I react with force as I am still on edge. I spin around, hit the man’s arm down, pull him close, swirl him around me so he is between me and the motorcycle, and get my arm around his throat.

“Who the fuck are you?” I hiss in his ear. The person is roughly my height and wrestles with my headlock.

“Who the fuck areyou?” asks the man, through gritted teeth. I know how forceful I can be, especially when I lock my arm with the other.

“I asked first,”I say.

“It’s two of us, one of you,” says the person on the motorcycle, still wearing a helmet.

“Listen very closely,” I say threateningly. “You are alive right now because I want to know who you are and why you are here. If I wanted, you would have been dead the moment you put a hand on my shoulder.” My voice gets dark as I close my arm even more. “One sudden move here,” I say silently, “and you drop dead in an instant. So talk now, or we’re done here.”

Silence.

“I'm counting to three,” I say. “One, two?—“

And then, a shot is fired. The bullet rushes past me and hits the person on the motorcycle through the helmet visor, directly in the face. Rider and bike fall over with an ear-shattering thud as I spin round and see Hannigan walking up to us, gun drawn.

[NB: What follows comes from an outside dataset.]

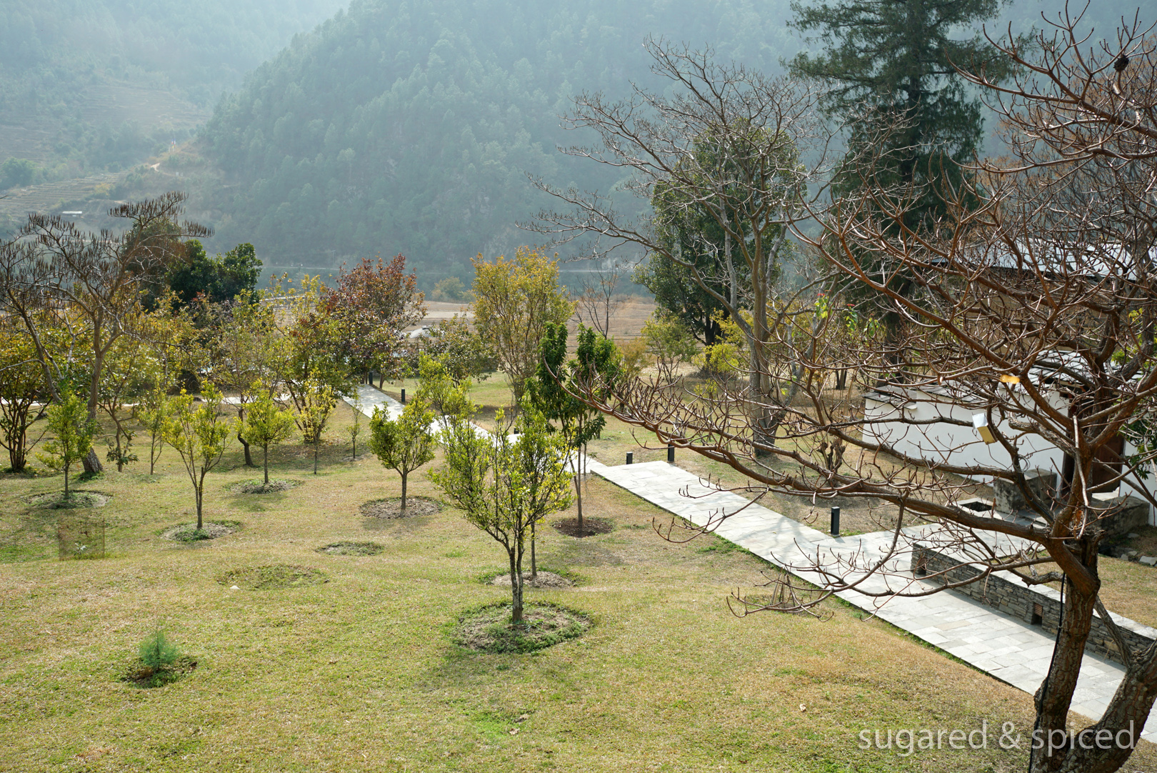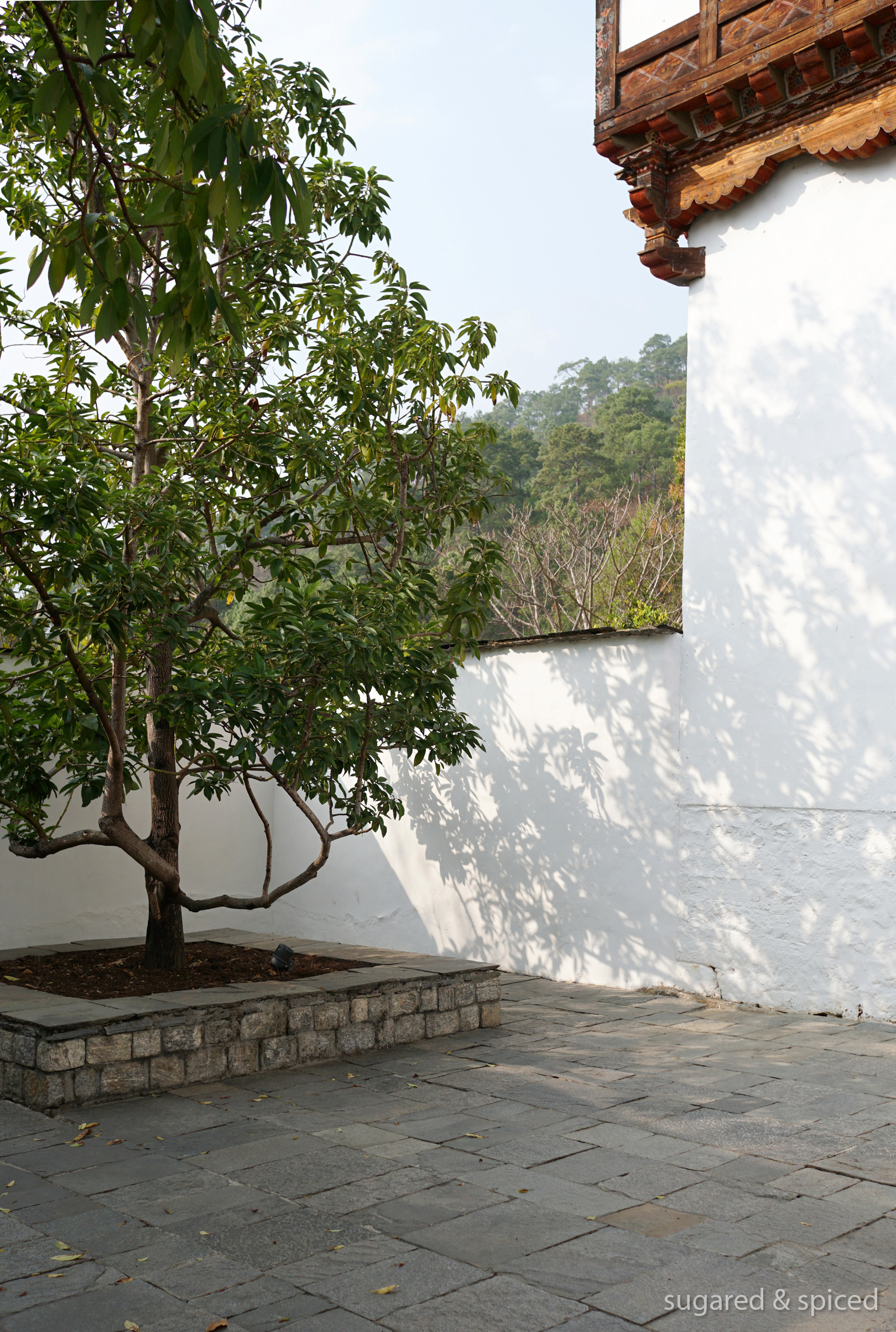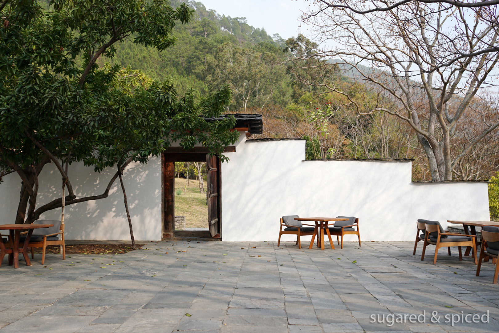 坐上接駁車穿過一片樹林,進入 Amankora Punakha。小巧精緻的庭院裡種著橘子樹和印度木棉,與之前在 Gangtey 被挺拔松樹環繞的氛圍完全不同,少了蒼勁飄渺,多了雕琢雅緻。

What a fucking precision shot. Only a few people can pull something like that off with a handgun from that distance.

He walks up and presses the gun into the forehead of the man I have in a headlock.

“Who are you and who do you work for?” he asks, coldly, with a murderous look on his face. I loosen my grip with one hand and search the pockets. I find a phone and hand it to Hannigan.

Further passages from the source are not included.